TASK BRIEF
Repeat the records below exactly, from the first line through the line containing "- v roce 2006", and leave out any pictures.

DATASET RECORDS
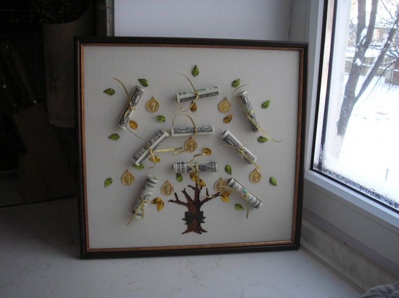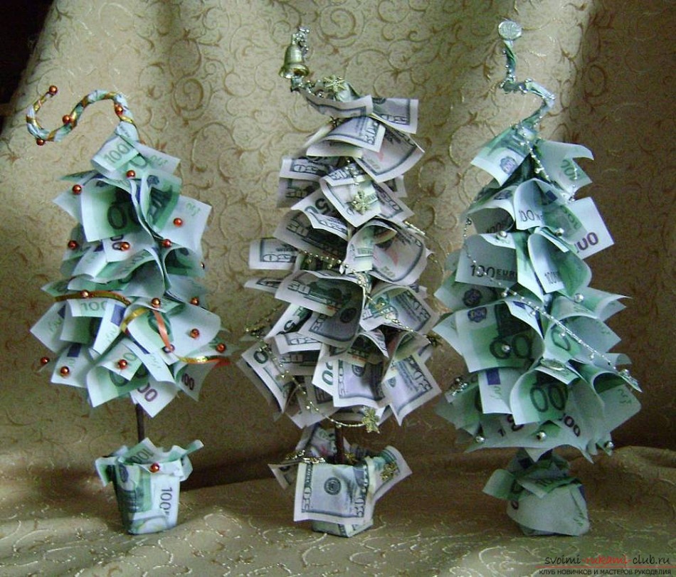 Грошове дерево своїми руками в подарунок на Новий рік: привітання до подарунка
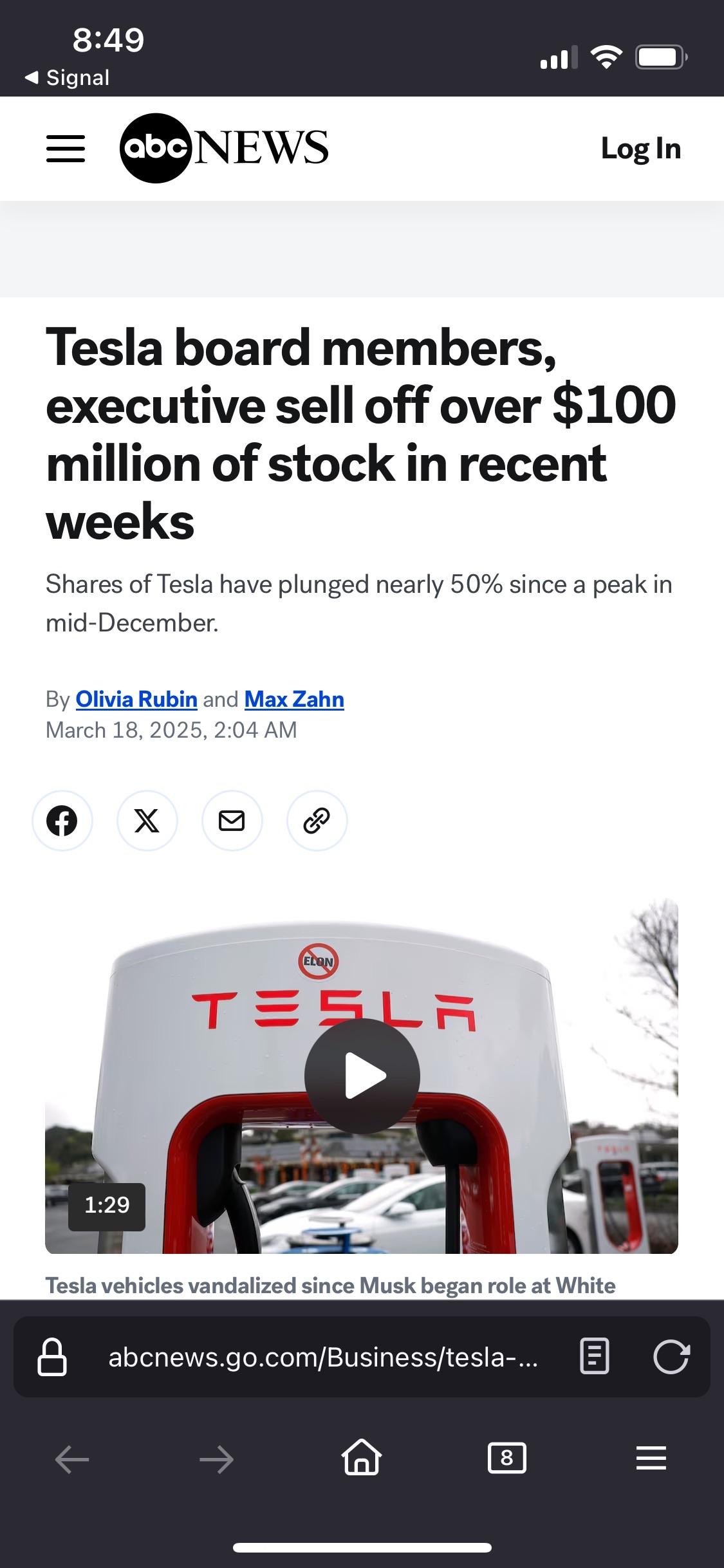 The image displays a mobile screen showing an ABC News article about Tesla board members and executives selling over $100 million of stock. The headline is prominently featured, along with a play button for a video regarding vandalism of Tesla vehicles.
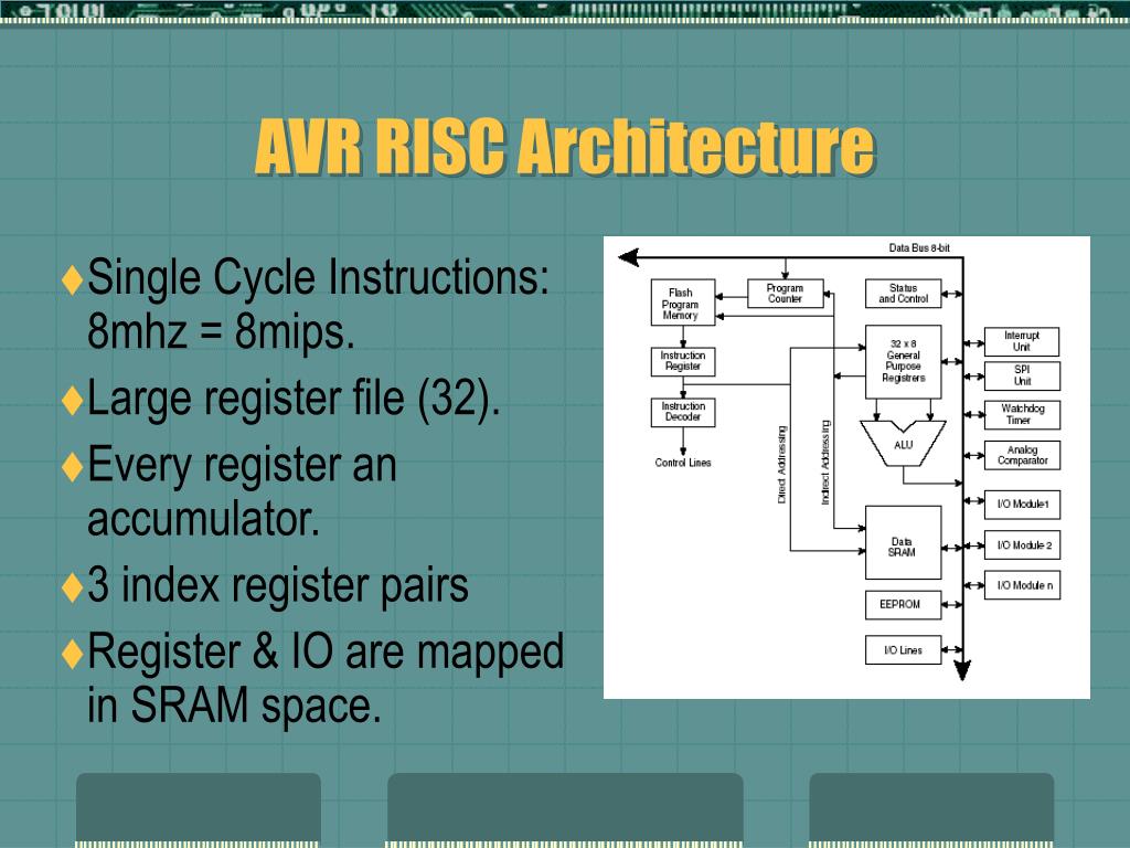 AVR. Modern RISC architecture: Compact and FAST. Tuned for high level languages. Consistent architecture across entire line. Small AVR are subsets of larger chips: Same hardware and code works across all chips. I/O structure reduces need for external components.
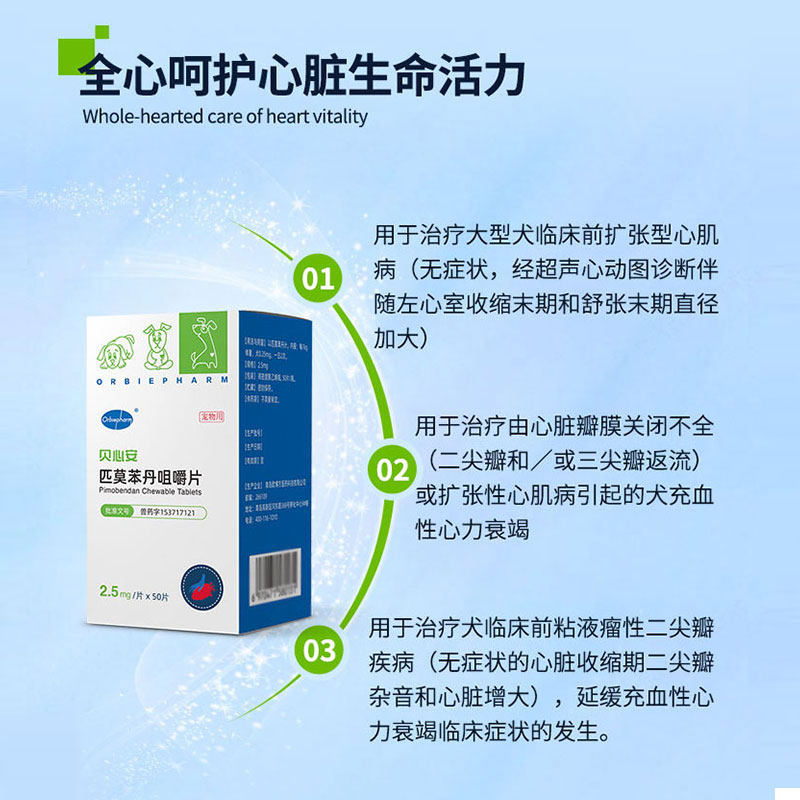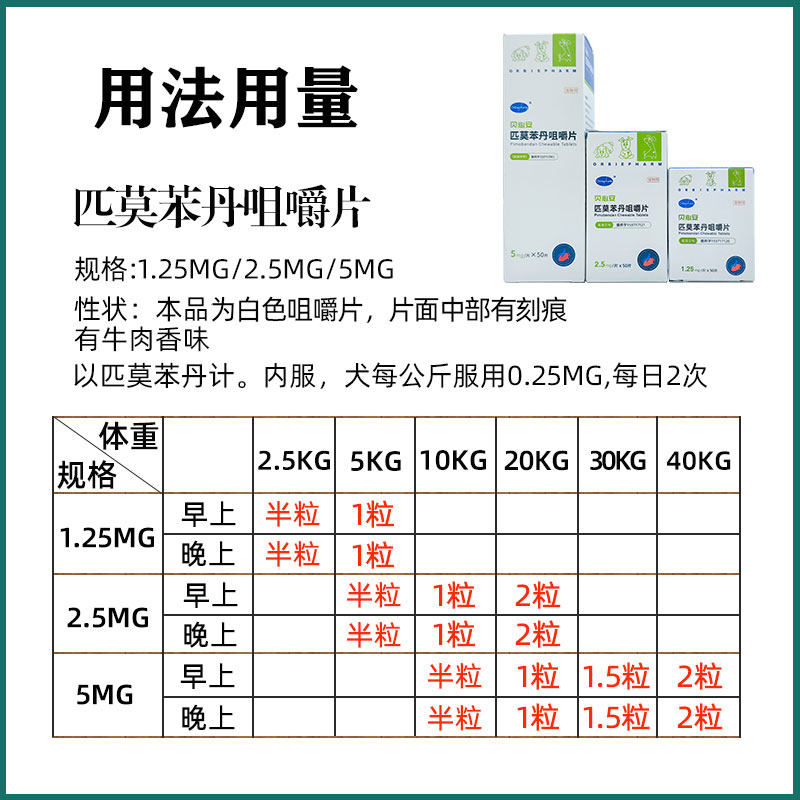 📚 宠物匹莫苯丹咀嚼片欧博方贝心安狗心脏药犬心脏肥大1.25mg2.5mg5
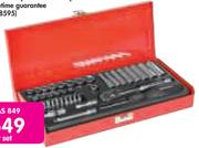 Set Includes: 14 Standard Sockets, 8 x Deep Sockets, 3 x Slotted Bits, 4 x Philips Bits, 5 x Hex Bits, 6 x Torx Bits, 2 x Bitholders, 1 x Ratchet, 1 x Spinner Handle, 1 x 40mm And 1 x 75mm Extension Bar, Universal Joint And 1 x Coupler, Lifetime Guarantee.
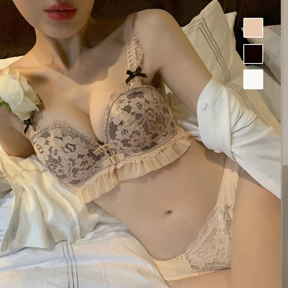 花柄刺しゅうレースランジェリーセット 肩リボン 胸元セクシー ブラジャー ショーツフェミニン 大人美胸 盛りブラ フリル
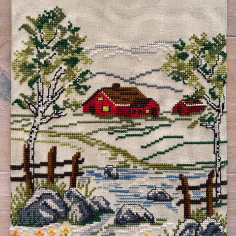 Broderi som viser en kvinne ved en grind med en sæter og trær i bakgrunnen. Fargene er i jordtoner med detaljer i beige, brunt og svart. Passer som dekorasjon for vegg i hjem eller hytte.
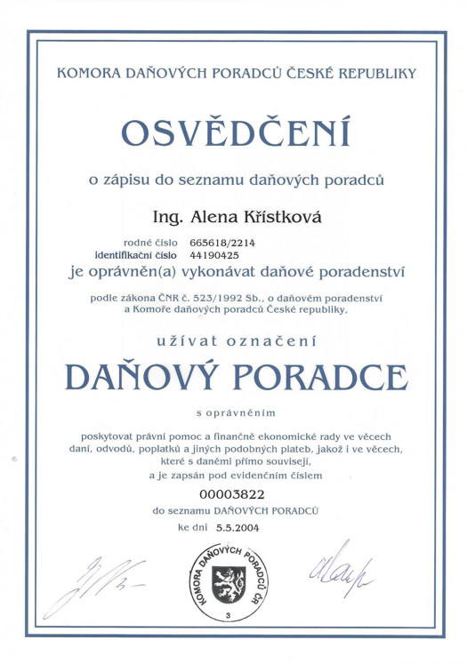 - v roce 2006 založila společnost DaK ALKRA s.r.o, která je zapsaná v Komoře daňový poradců ČR
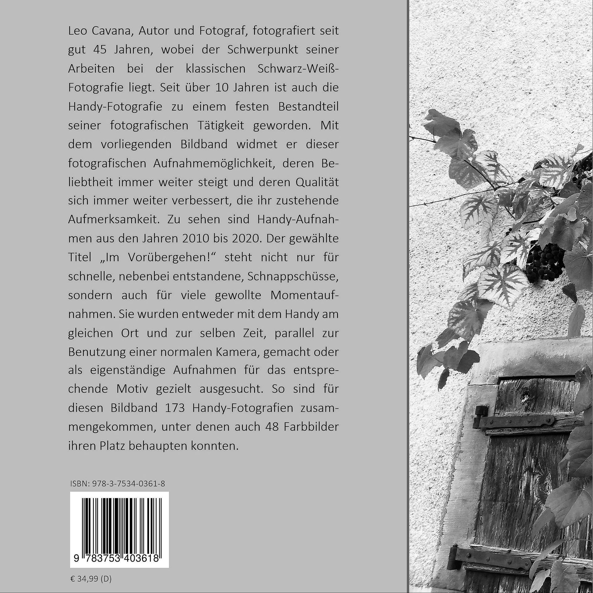 Als Fotograf ist Leo Cavana jetzt schon seit gut 45 Jahren, meistens mit dem Schwerpunkt klassische Schwarz-Weiß-Fotografie, unterwegs. Seit über 10 Jahren ist auch bei ihm die Handy-Fotografie zu einem festen Bestandteil seiner fotografischen Tätigkeit geworden. Mit dem vorliegenden Bildband widmet er dieser fotografischen Aufnahmemög-lichkeit, deren Beliebtheit immer weiter steigt und deren Qualität sich immer weiter verbessert, die ihr zustehende Aufmerksamkeit. Zu sehen sind Handy-Aufnahmen aus den Jahren 2010 bis 2020. Der gewählte Titel - Im Vorübergehen! - steht nicht nur für schnelle, nebenbei entstandene, Schnapp-schüsse, sondern auch für viele gewollte Moment-aufnahmen. Sie wurden entweder mit dem Handy am gleichen Ort und zur selben Zeit, parallel zur Benutzung einer normalen Kamera, gemacht oder als eigenständige Aufnahmen für das entsprechende Motiv gezielt ausgesucht. So sind für diesen Bildband 173 Handy-Fotografien zusammengekommen, unter denen auch 48 Farbbilder ihren Platz behaupten konnten.
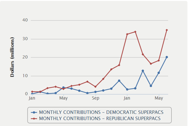 Republican super PACs have brought in $228 million since January 2011 while Democratic super PACs have collected $80 million in that time. The Fix is no math major but that’s roughly a three to one advantage for conservatives.
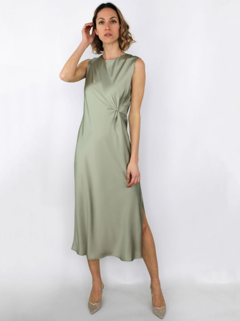 Abito morbido effetto raso con nodo e spacco laterale.
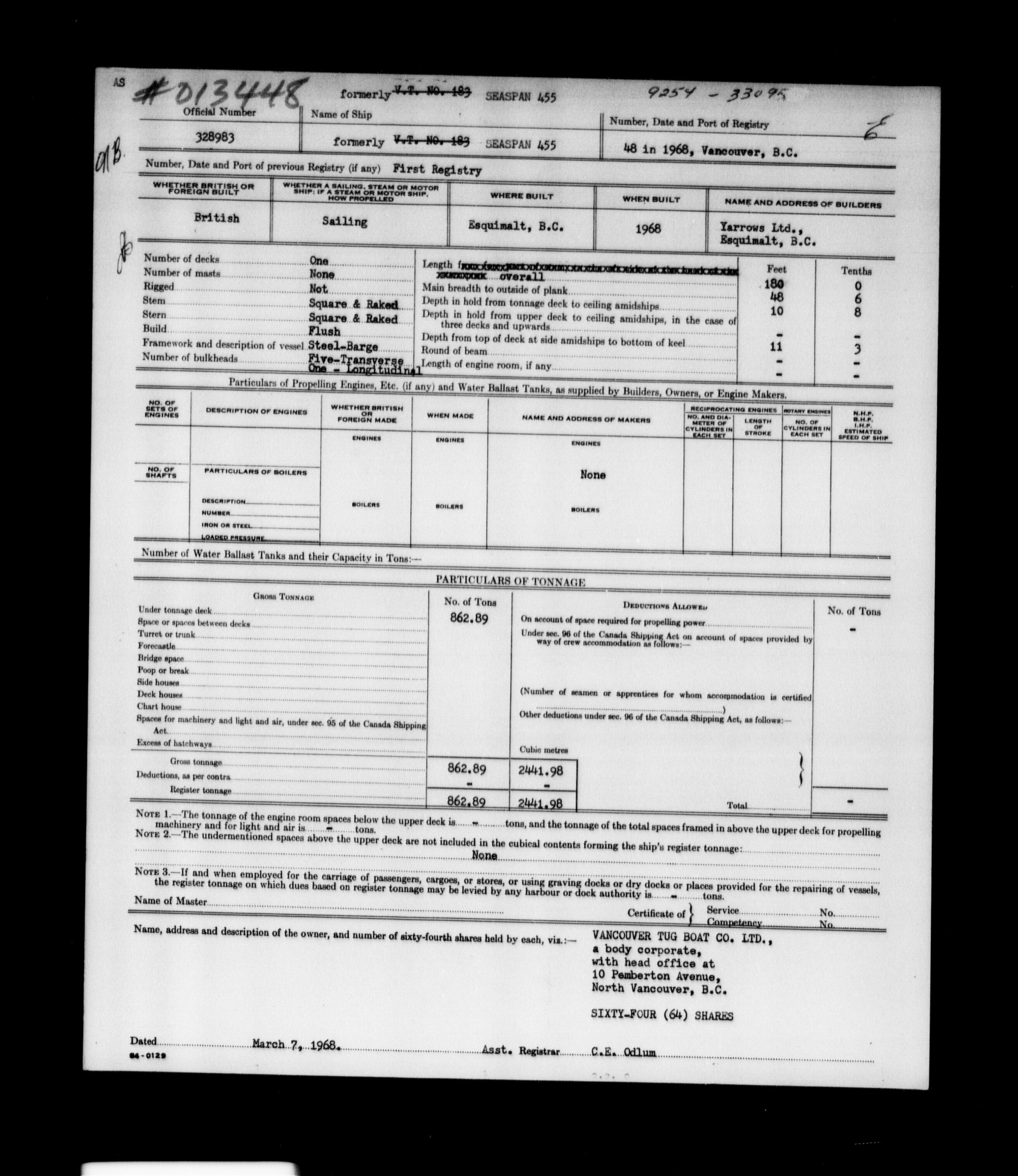Department of Transport : Registers and ledgers cards of ships closed-out (1904-1983) - 11596
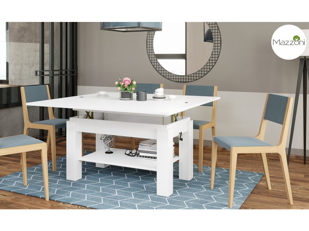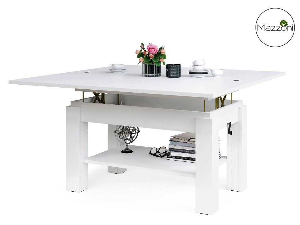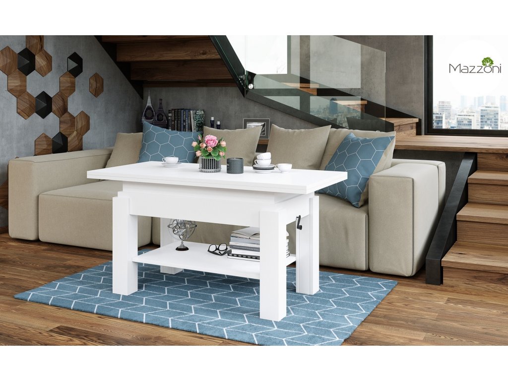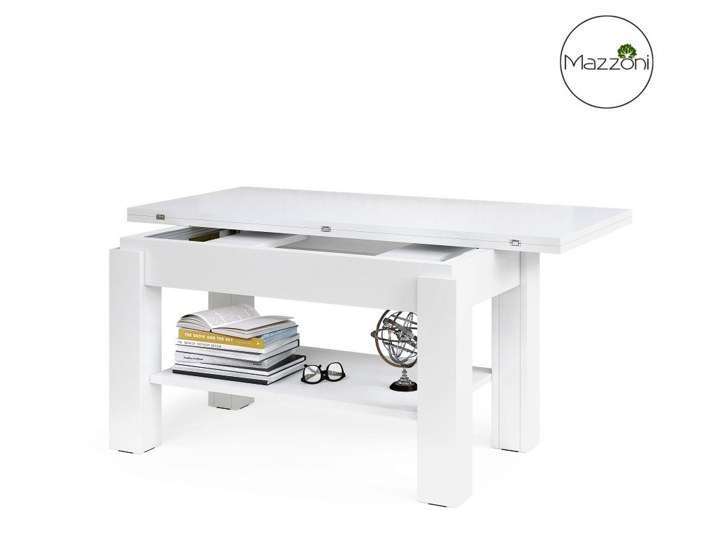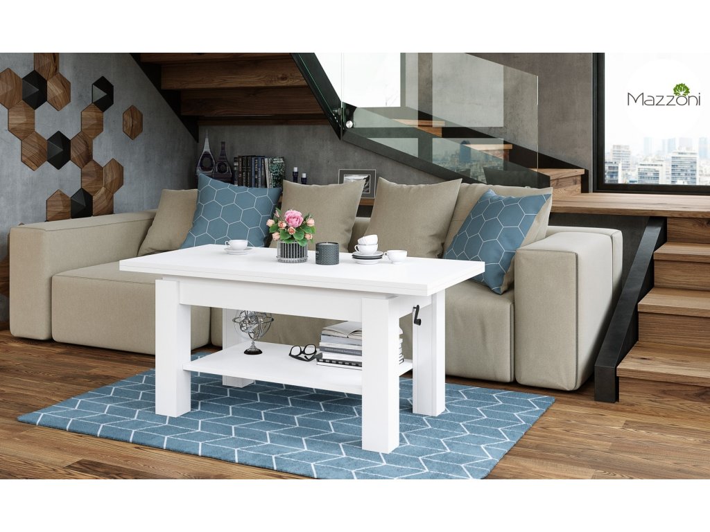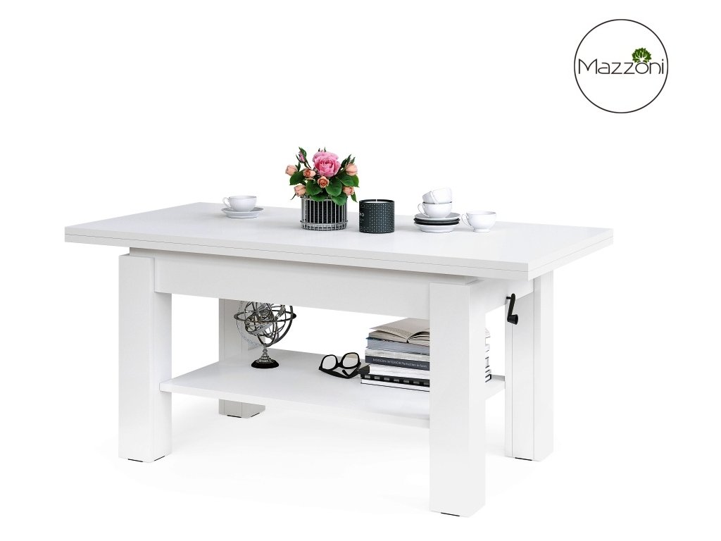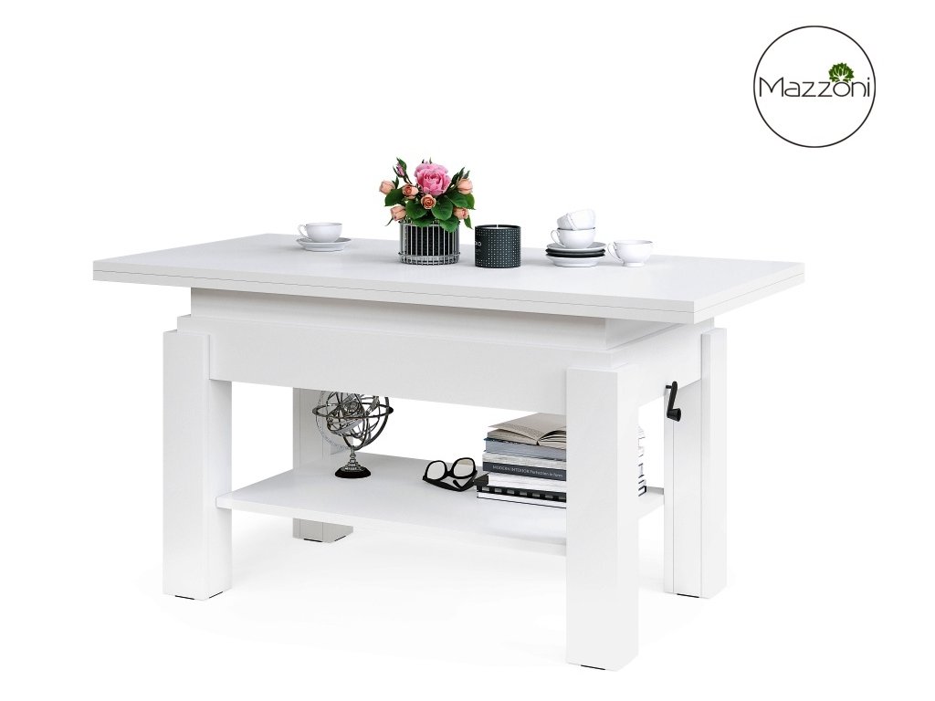 Elegantní a velmi praktický konferenční stůl rozložitelný na jídelní stůl v moderním pojetí. Vhodný do menších prostorů. Výhodou tohoto stolu je nastavitelná nejen výška, kdy po zvýšení a rozkladu desky je možno ho použít ke stolování, deska stolu lze 2 x zvětšit. Základní rozměr u konferenčního stolu je 65 x 130 x 60 cm, po rozložení výška až 72 cm, desku stolu zvětšíte na 130 x 130 cm. Barevné provedení je matná bílá. Dodáváme v demontovaném stavu.Doplňkové parametry

EXERCISE RESULT
 Грошове дерево своїми руками в подарунок на Новий рік: привітання до подарунка
 The image displays a mobile screen showing an ABC News article about Tesla board members and executives selling over $100 million of stock. The headline is prominently featured, along with a play button for a video regarding vandalism of Tesla vehicles.
 AVR. Modern RISC architecture: Compact and FAST. Tuned for high level languages. Consistent architecture across entire line. Small AVR are subsets of larger chips: Same hardware and code works across all chips. I/O structure reduces need for external components.
 📚 宠物匹莫苯丹咀嚼片欧博方贝心安狗心脏药犬心脏肥大1.25mg2.5mg5
 Set Includes: 14 Standard Sockets, 8 x Deep Sockets, 3 x Slotted Bits, 4 x Philips Bits, 5 x Hex Bits, 6 x Torx Bits, 2 x Bitholders, 1 x Ratchet, 1 x Spinner Handle, 1 x 40mm And 1 x 75mm Extension Bar, Universal Joint And 1 x Coupler, Lifetime Guarantee.
 花柄刺しゅうレースランジェリーセット 肩リボン 胸元セクシー ブラジャー ショーツフェミニン 大人美胸 盛りブラ フリル
 Broderi som viser en kvinne ved en grind med en sæter og trær i bakgrunnen. Fargene er i jordtoner med detaljer i beige, brunt og svart. Passer som dekorasjon for vegg i hjem eller hytte.
 - v roce 2006 založila společnost DaK ALKRA s.r.o, která je zapsaná v Komoře daňový poradců ČR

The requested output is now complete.